-- DATA PROVIDED --
※ ※ ※

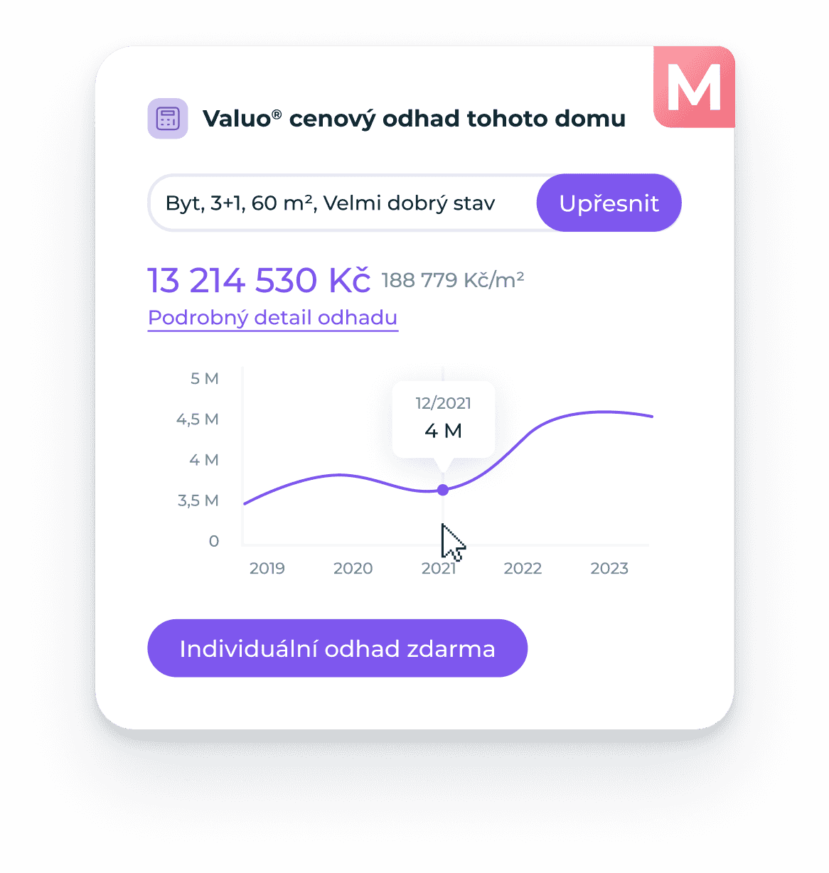 Valuo je skvělý nástroj, který naší realitní kanceláři pomáhá při stanovení přibližné ceny nemovitosti.
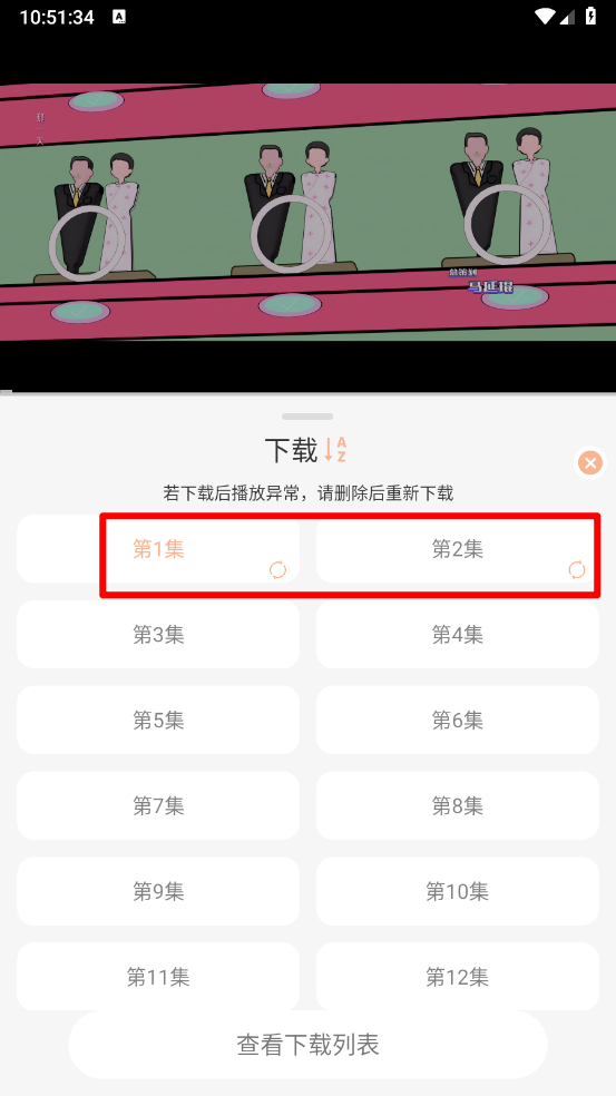 4、选择下载的剧集加入下载列表。
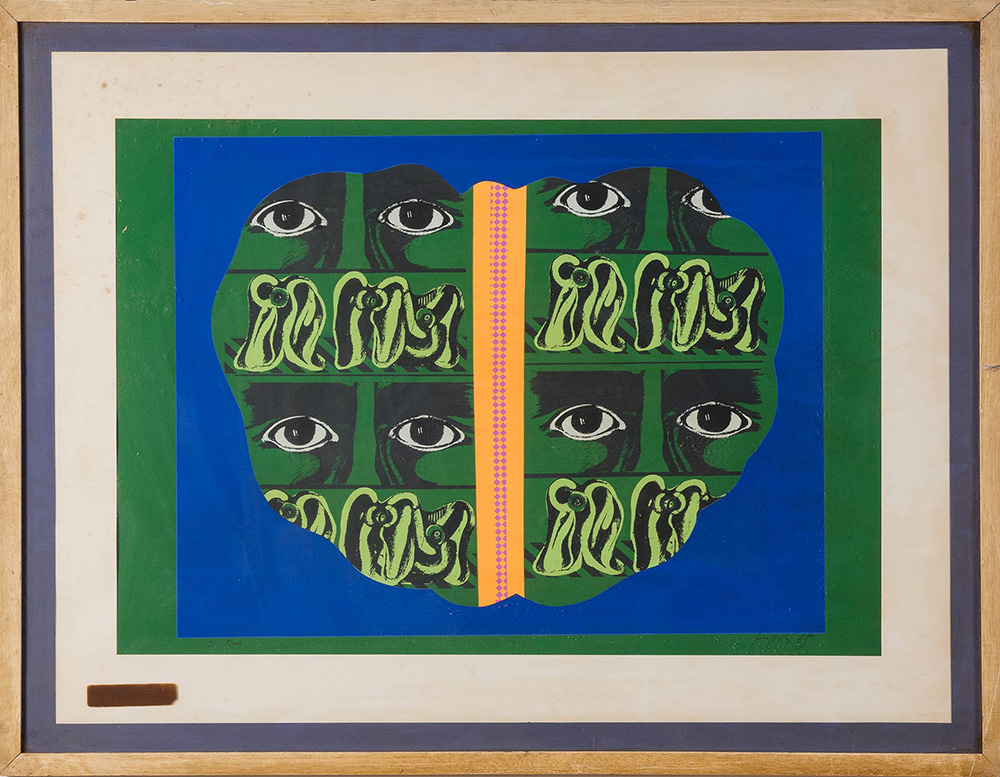 Concetto Pozzati (Vo', 1935 – Bologna, 2017), “Il guardone”, 1965. Serigrafia a colori su carta, firmata e datata in basso a destra Pozzati 65, numero di tiratura in basso a sinistra 28/150, Lastra H cm 46.5x66.5

※ ※ ※

-- PROBLEM TO WORK ON --
Exactly as given, set down each line of the material, but include no pictures.

-- COMPLETED EXERCISE --
 Valuo je skvělý nástroj, který naší realitní kanceláři pomáhá při stanovení přibližné ceny nemovitosti.
 4、选择下载的剧集加入下载列表。
 Concetto Pozzati (Vo', 1935 – Bologna, 2017), “Il guardone”, 1965. Serigrafia a colori su carta, firmata e datata in basso a destra Pozzati 65, numero di tiratura in basso a sinistra 28/150, Lastra H cm 46.5x66.5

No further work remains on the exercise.